We scanned the MUSE data searching for localised regions exhibiting emission lines without any counterparts in the CFHTLS object list. We detected such emission lines in six distinct arcsec-size regions (seeing dominated, clearly smaller than the ELDL source). They all show [OII] emission lines at approximately the cluster redshift (see Table 6) without being identified with a detected CFHTLS object. They also do not exhibit strong Hβ lines. These sources are much smaller than the ELDL source. Two of these sources have a redshift slightly larger than 0.54. The other four are more clustered along the line of sight (see Fig. 9) and have a velocity dispersion of 233 km s-1 (close to estimates of Cui et al. 2014, see their Fig. 10). These four sources are probably not all inside the halo of the BCG given their spatial distribution (see Figs. 12 and 13), while the two others (at z ≥ 0.54) are not linked with the BCG given their redshift.

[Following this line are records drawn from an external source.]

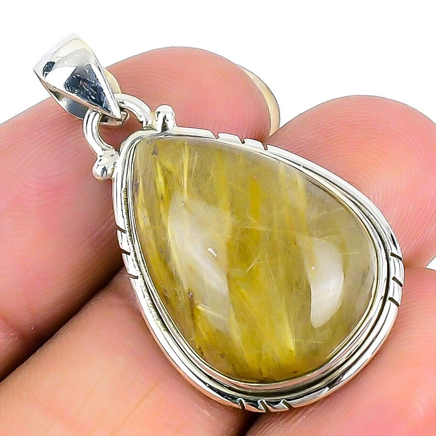 Golden Rutile Gemstone Handcrafted Daughter Trendy Pendant Solid Sterling Silver
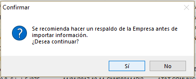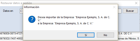 Al dar clic en "Importar" te mostrará una ventana con el nombre de la empresa que vas a importar a Gestión. Indica "Sí" para iniciar el proceso.
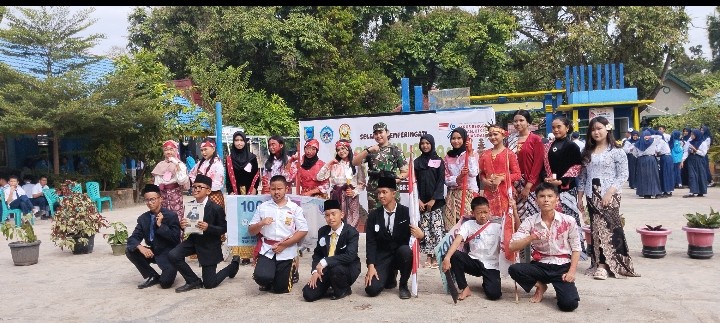 HARI PAHLAWAN : Tampak siswa dan siswi SMPN 2 Lahat mengenakan pakaian ala pejuang, memperingati Hari Pahlawan 10 November-SMPN 2 Lahat/koranpalpres.com-
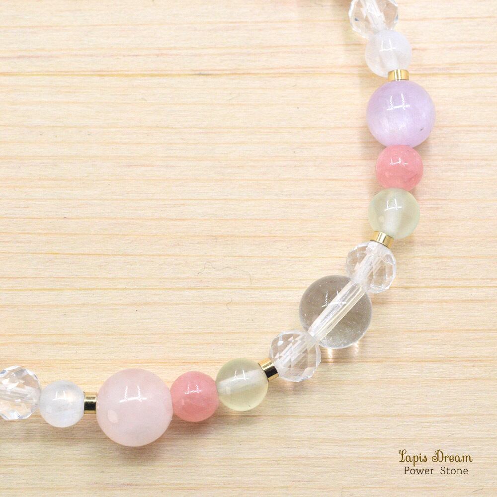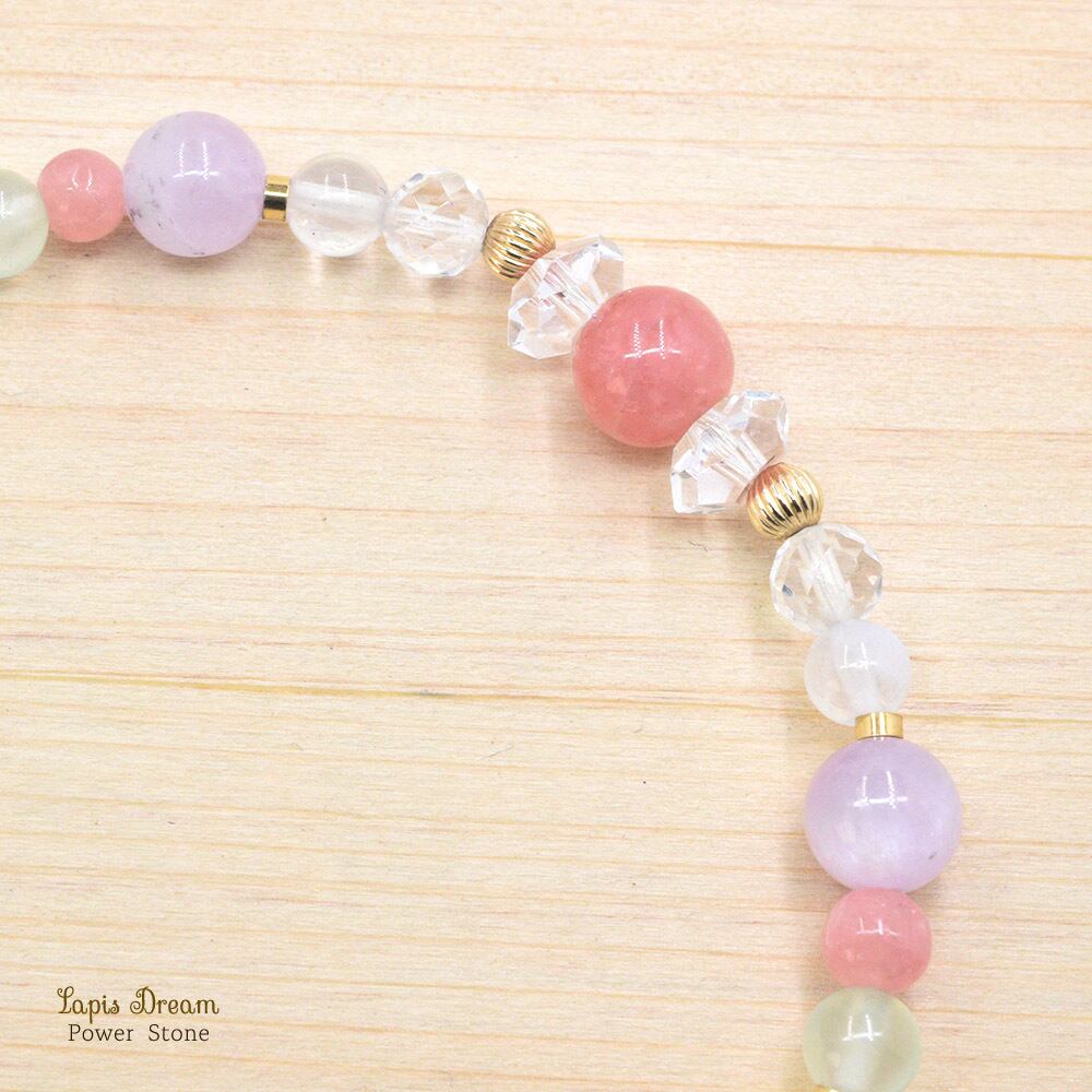 そんなインカローズに「恋愛成就・夫婦円満」や「精神安定」「癒し」の効果があるモルガナイトやクンツァイトを組み合わせて、優しさに溢れるパワーストーン ブレスレットを制作しました。

5.3. Spectroscopy of CFHTLS-detected diffuse light

Figures 12 and 13 show trichromic g, i, and Ks images of the cluster centre. We note that the ELDL source (red ellipse) is not visible in this figure because it is only visible in narrowband images as previously stated. It shows the six non-CFHTLS emission line objects, and the ellipses we defined in Fig. 5 for the i band. These ellipses were grouped into two regions labelled 1 and 2 (see Figs. 12 and 13).

We extracted spectra of the diffuse light detected earlier in CFHTLS i band images. This diffuse light is very low surface brightness, and it is therefore very difficult to reach a decent signal-to-noise ratio in the spectroscopy; however, we were able to extract exploitable spectra for the two defined regions (see Figs. 12 and 13). We first excluded the places occupied by CFHTLS detected compact objects (galaxies) inside their CFHTLS ellipse. We then subtracted a background spectrum (defined in a circular empty region). This gave us the two spectra shown in Figs. 12 and 13.

The first spectrum (region 1 in Fig. 12) shows an [OII] emission line on top of an early-type spectrum characterised by clearly visible H&K lines. This source is therefore dominated by old stars. There is no visible Hβ. This probably means that Hα is also weak and that following Kennicutt et al. (1998) the SFR is very low. Another explanation could be that this region is very dusty, thereby masking the Hβ emission. In order to know if the [OII] emission is due to the six compact regions described previously, we removed the contribution of these regions. Following this removal, the [OII] emission is still visible. This shows that region 1 probably has diffuse [OII] emission in addition to the emission from the six compact regions. The redshift of region 1 is 0.5345, identical to the redshift of the BCG.

The second source (region 2) has a pure early-type spectrum (also dominated by old stars) without any detectable emission lines. Its redshift is 0.5340, 150 km s-1 ahead of region 1.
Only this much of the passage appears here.